▸ **Activity**: Return the data that follows exactly as it appears. Pictures do not belong in the copy.
━━ Collected data ━━
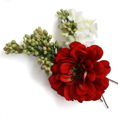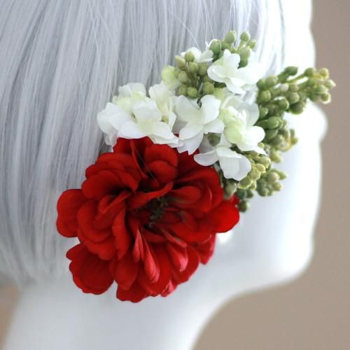 花の髪飾りは和洋兼用の髪飾りになるのも魅力のひとつ。和装髪飾りはもちろん、ドレスにもおすすめです。
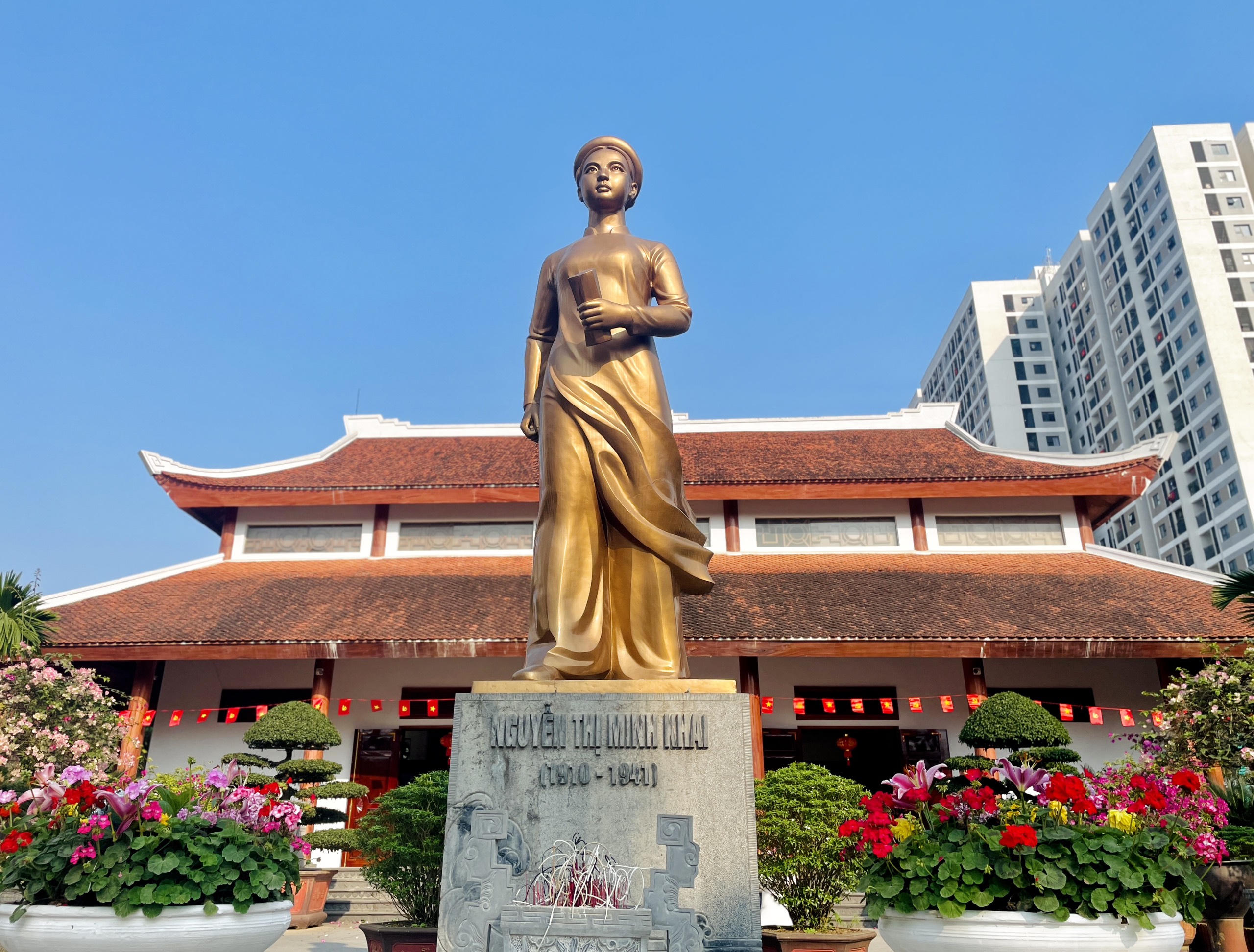 Bức tượng đài bà Nguyễn Thị Minh Khai được đúc bằng đồng theo thể loại tượng chân dung đặt trên bệ cao, khắc họa hình ảnh người thiếu nữ duyên dáng trong tà áo dài, chân bước đi đầy khí phách. Ảnh: Thiên Ý
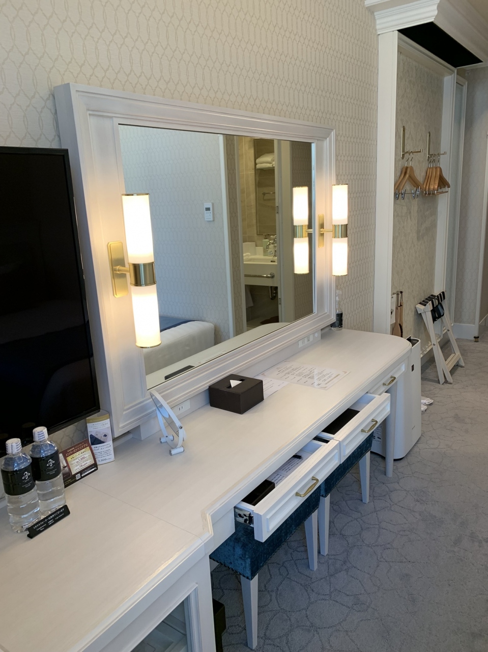 クラシカルな、ロココ調?っぽい雰囲気のお部屋でしたが、トイレの蓋をあけたら、ビシャビシャになっており、フロントにお話しするとお部屋を変えてくださいました。(おそらくウォシュレットがずっと稼働?)
━━━
▸ **Exercise output**:
 花の髪飾りは和洋兼用の髪飾りになるのも魅力のひとつ。和装髪飾りはもちろん、ドレスにもおすすめです。
 Bức tượng đài bà Nguyễn Thị Minh Khai được đúc bằng đồng theo thể loại tượng chân dung đặt trên bệ cao, khắc họa hình ảnh người thiếu nữ duyên dáng trong tà áo dài, chân bước đi đầy khí phách. Ảnh: Thiên Ý
 クラシカルな、ロココ調?っぽい雰囲気のお部屋でしたが、トイレの蓋をあけたら、ビシャビシャになっており、フロントにお話しするとお部屋を変えてくださいました。(おそらくウォシュレットがずっと稼働?)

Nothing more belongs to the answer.